The mortality of this trip? It scares and excites--I mourn and anticipate. And yet, who says I can't carry it back home with me? Why the rift between hiking and not? These comparisons are odious--let the work continue. 

I'll leave with that. 

Wednesday, August 7, 2013

The Final Hoe-Down

First order of business: big thanks to the Dartmouth Outdoors Club and Phi Tau fraternity for hosting this motley crue of raggedy bush people, replete with face paint, limps, smiles, and infections.

Ah, Hanover--the gateway to New Hampshire, leaving the Vermont Greenerie behind and moving into the White of the North Country.

Vermont changed my life--in small, day-to-day ways, but aren't these the changes that impact us the most? For life is but a series of minor events--why search for epic grandiosity? Though the occasional bout in epic grandiosity can replenish the soul...

I am reaffirming my belief that we all exist in nothingness, that in fact our own existence is but a void, empty and awake, since begingless time and for all non-substantial eternity--and so, attachments, be they expectations or materials, never do serve us positively, and perhaps the thing to do is to let go of said attachments and in fact not even cultivate them in the first place...

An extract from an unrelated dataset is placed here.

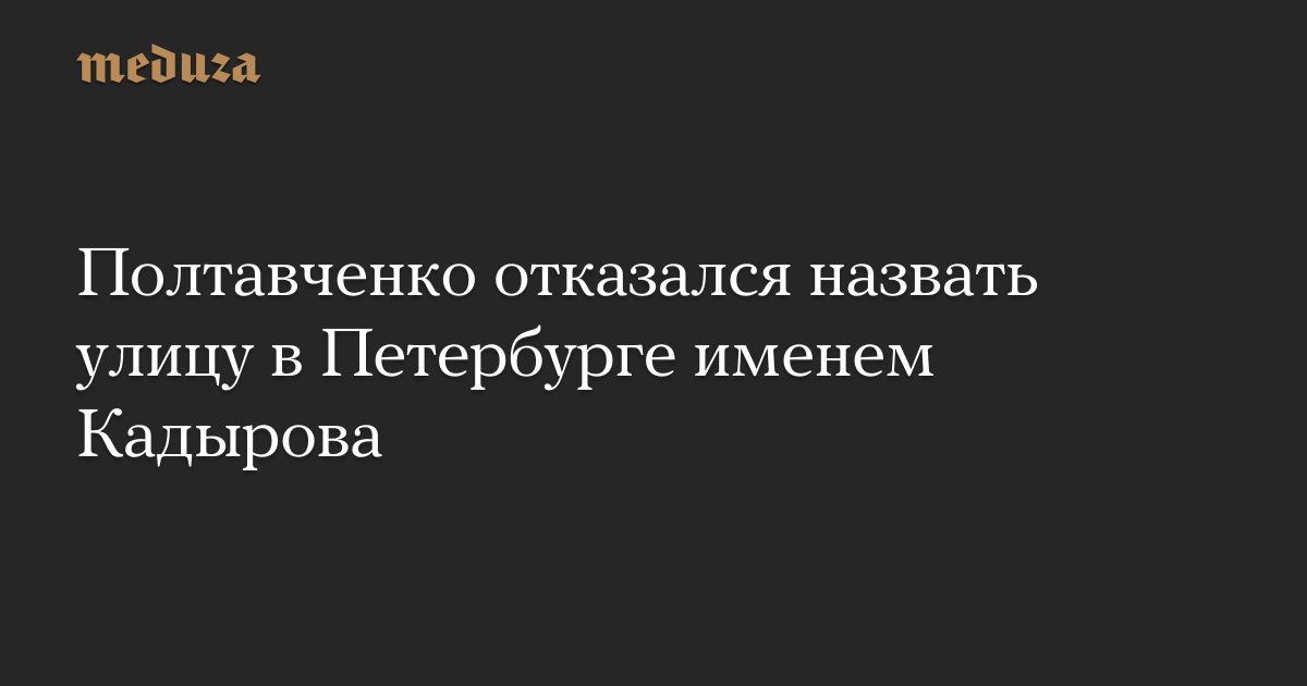 Губернатор также сослался на опрос читателей «Фонтанки.ру», по итогам которого 84% участников высказались против присвоения имени Кадырова какой-либо из питерских улиц.

These beliefs need constant reaffirmation, for spirituality is but a muscle to be flexed from time to time, no? As often as you will, until it just seeps into you.

I walk North, independently as Bootsy Collins Japhy Ryder Doghouse Magnolia Lenderking-Brill, yet also as a part of a group, the funkiest of Funky Towns--defining this identity, a perpetual process, always moving, an individual within the context of a community, a position we all must reckon with eventually--lest I sound even more than even more than redundant, let's end it there--

I think it is time to talk less and listen more.